The nice thing about this: there's no particular PHP bias, so it can work just as well with PHP+PHPUnit or JS+(QUnit|Jasmine)+(karama|protractor). On the otherhand, you need to understand regex, and you need to update a centralized file, and it's won't be very clever about deduping. (So if the class "CRM_Foo_BarTest" matches on account of a phpunit-group rule and on account of a phpunit-class rule, then it would get run twice... unless we take other measures to dedupe.)

Code: [Select]

// In any source-code file, you can add annotations to classes or global functions like:
/**
 * @TestWith\group CiviEvent
 * ...or...
 * @TestWith\class CRM_Event_BAO_WhizzyTest
 */
class CRM_Event_BAO_Participant { ... }

// OR, in any test file, you can add annotations to classes or functions like:
/**
 * @TestFor\group CiviEvent
 * ...or...
 * @TestFor\file "CRM/Event/BAO/Event.php"
 * ...or...
 * @TestFor\file "sample-data.*.csv"
 */
class CRM_Event_BAO_EventTest { ... }

In this case, the mappings are more "in situ", which is probably a bit nicer when coding. They're closely tied to PHP parsing which means.... we can be more quite clever (e.g. deduping and matching tests based on *class* name instead of file-name), but we do have to parse the files, and it won't work with pure-JS tests. (OTOH, our pure-JS test-suite is currently so small that we don't currently need this level of granularity.)

totten · July 23, 2014, 08:19:02 pm

FWIW, related JIRA issues are:
* Parallelization: https://issues.civicrm.org/jira/browse/INFRA-124
* Pattern matching: https://issues.civicrm.org/jira/browse/INFRA-122

Eileen · July 23, 2014, 09:06:31 pm

Run syntaxconformance tests on every one - if that doesn't break nothing will :-)

PS glad you picked a PR that didn't make me cringe when I looked

Eileen · July 24, 2014, 03:48:50 pm

as a thought - could you do full tests on a throttled basis? ie. run the full tests if they haven't been run for 2 hours. From experience the tests that fail are often a bit unpredictable so it would be good to run full tests too. Not sure what you'd do with the results - ie. if there have been 5 PRs since the last full run & then it fails would you then post a comment on them all? Re-run the failing test on each of them (of course - does it still fail in isolation?)

totten · July 24, 2014, 04:09:39 pm

So, I agree that we still need to do full runs. How much advantage do you see in the throttling approach compared to this approach:

1. The first job monitors pending PR's. It runs a subsection of the test-suite (hopefully targeted based on the content of the patch).
2. The second job runs periodically (say, every 4hr). It monitors the official branches (not PRs) and executes the full test suite.

General aside: The problem of inconsistency in test results has recurred in a few contexts for me (e.g. WebTest suite; timing-sensitive tests; and making our tests compatible with vanilla phpunit tooling), so I'm experimenting with a new script ("The Jeanine Matthews Divergent Test Hunter") to help identify/isolate divergent test results.

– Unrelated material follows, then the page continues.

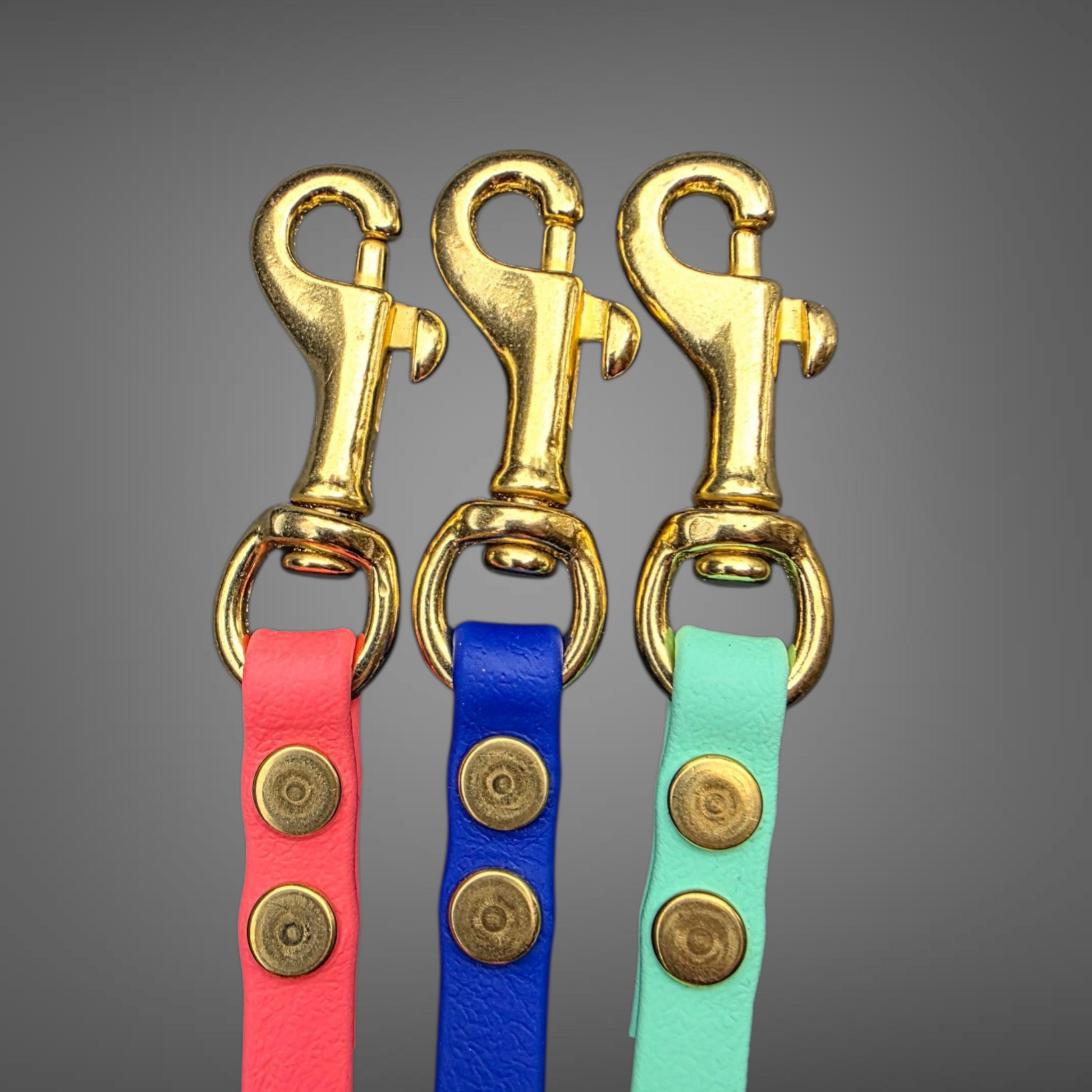 Enjoy walks with your toy-sized dog with this 3/8" wide BioThane® leash available in 50 vibrant colors, solid brass hardware, and many different length options. BioThane® is a flexible, durable, easy-to-clean alternative to leather. A matching solid brass d-ring is added to the handle of all leashes for poop bags.

Eileen · July 24, 2014, 04:24:22 pm

Well - I guess the scenario you are looking at is how do you find the commit that breaks the tests? If you merge 10 PRs, none of which break the subset that were run on them but after doing that you have broken tests what do you do?

If you are going to resolve that manually then you have the risk that it won't be treated as a priority & the situation will go stale & become a problem both on new PRs - ie. the tests are failing already & in tracking down where the failure stemmed from.

I think we need to treat webtests & unittests separately because the webtests aren't really reliable enough to put processes around but the unit tests we probably should. We have 2 sets of unit tests that regularly fail due to time related issues - the Authorize.net ones due to the fact Authorize.net runs on Mountain time - this could probably be handled in the test. The other one is a membership related one which is timezone related in 'some' way. I'm about 70% sure this is a real bug because I get the same intermittant reports in the wild. Anyway - I think the phpunit ones could be managed & the webtest ones ignored.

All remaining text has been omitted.